= Beginning of Section =

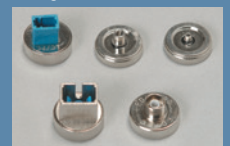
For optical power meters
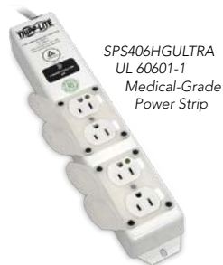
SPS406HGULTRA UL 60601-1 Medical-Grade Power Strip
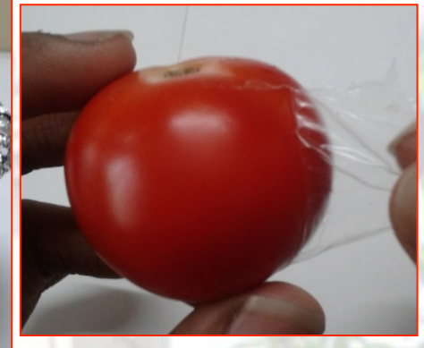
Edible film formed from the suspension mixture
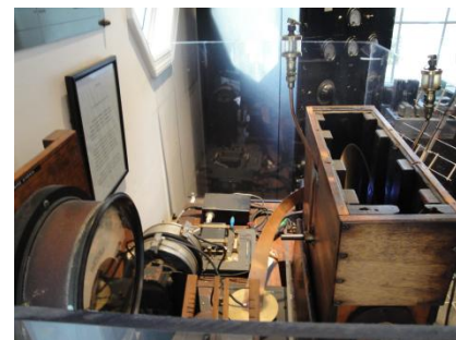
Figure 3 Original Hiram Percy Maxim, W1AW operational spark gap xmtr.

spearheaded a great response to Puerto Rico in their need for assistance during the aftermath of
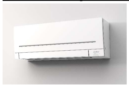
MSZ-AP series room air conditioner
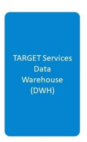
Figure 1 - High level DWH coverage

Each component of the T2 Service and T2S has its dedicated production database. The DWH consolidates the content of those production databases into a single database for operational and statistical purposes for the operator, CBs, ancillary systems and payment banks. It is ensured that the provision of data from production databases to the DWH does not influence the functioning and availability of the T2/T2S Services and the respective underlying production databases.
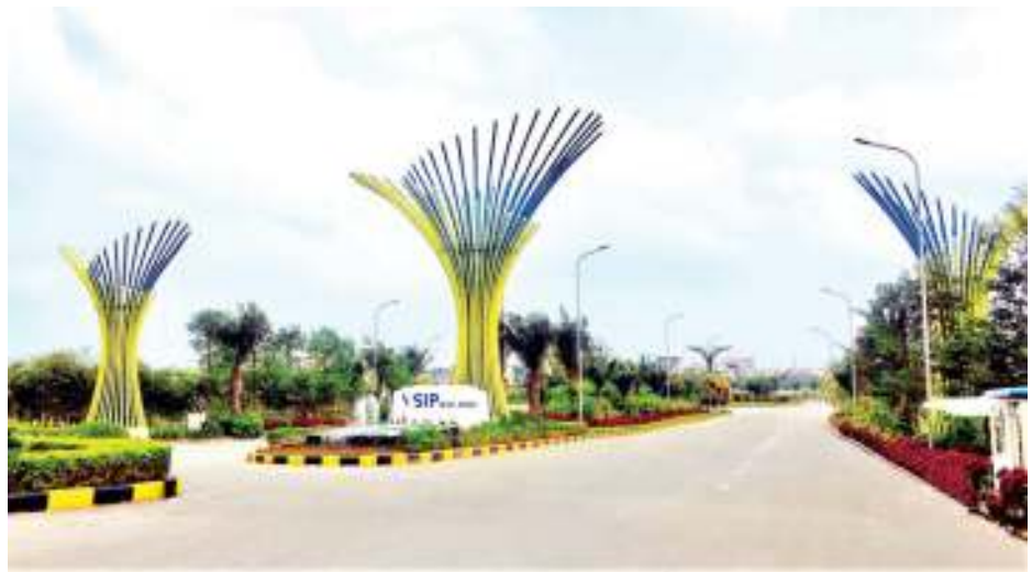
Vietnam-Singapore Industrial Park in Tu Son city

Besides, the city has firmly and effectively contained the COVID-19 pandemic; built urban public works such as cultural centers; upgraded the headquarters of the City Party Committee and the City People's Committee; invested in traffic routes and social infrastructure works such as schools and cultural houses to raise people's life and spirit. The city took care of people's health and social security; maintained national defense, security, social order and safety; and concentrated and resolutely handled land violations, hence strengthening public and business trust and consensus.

= End of Section =
= Beginning of Section =

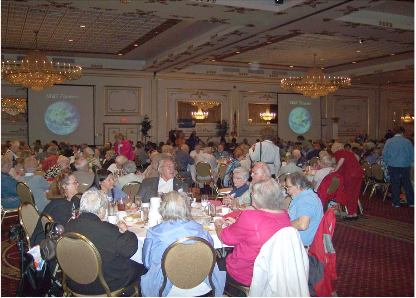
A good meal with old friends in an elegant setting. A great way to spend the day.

= End of Section =
= Beginning of Section =

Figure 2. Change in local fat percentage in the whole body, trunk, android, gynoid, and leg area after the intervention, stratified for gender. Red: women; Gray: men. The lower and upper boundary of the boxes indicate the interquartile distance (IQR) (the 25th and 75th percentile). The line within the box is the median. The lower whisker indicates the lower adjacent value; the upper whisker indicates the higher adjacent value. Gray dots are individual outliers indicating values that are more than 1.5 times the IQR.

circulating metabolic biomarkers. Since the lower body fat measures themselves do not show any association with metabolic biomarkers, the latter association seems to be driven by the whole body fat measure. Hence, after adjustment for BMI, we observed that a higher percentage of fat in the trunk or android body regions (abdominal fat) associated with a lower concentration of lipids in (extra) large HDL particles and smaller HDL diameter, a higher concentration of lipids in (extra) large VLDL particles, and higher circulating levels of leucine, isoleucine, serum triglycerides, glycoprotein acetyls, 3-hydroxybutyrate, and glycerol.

= End of Section =

* What is being asked *
Reproduce exactly, and only, the part of the listing above that begins at the line with "Figure 2. Change" and goes on through the line with "circulating metabolic biomarkers.".

* Response for this exercise *
Figure 2. Change in local fat percentage in the whole body, trunk, android, gynoid, and leg area after the intervention, stratified for gender. Red: women; Gray: men. The lower and upper boundary of the boxes indicate the interquartile distance (IQR) (the 25th and 75th percentile). The line within the box is the median. The lower whisker indicates the lower adjacent value; the upper whisker indicates the higher adjacent value. Gray dots are individual outliers indicating values that are more than 1.5 times the IQR.

circulating metabolic biomarkers. Since the lower body fat measures themselves do not show any association with metabolic biomarkers, the latter association seems to be driven by the whole body fat measure. Hence, after adjustment for BMI, we observed that a higher percentage of fat in the trunk or android body regions (abdominal fat) associated with a lower concentration of lipids in (extra) large HDL particles and smaller HDL diameter, a higher concentration of lipids in (extra) large VLDL particles, and higher circulating levels of leucine, isoleucine, serum triglycerides, glycoprotein acetyls, 3-hydroxybutyrate, and glycerol.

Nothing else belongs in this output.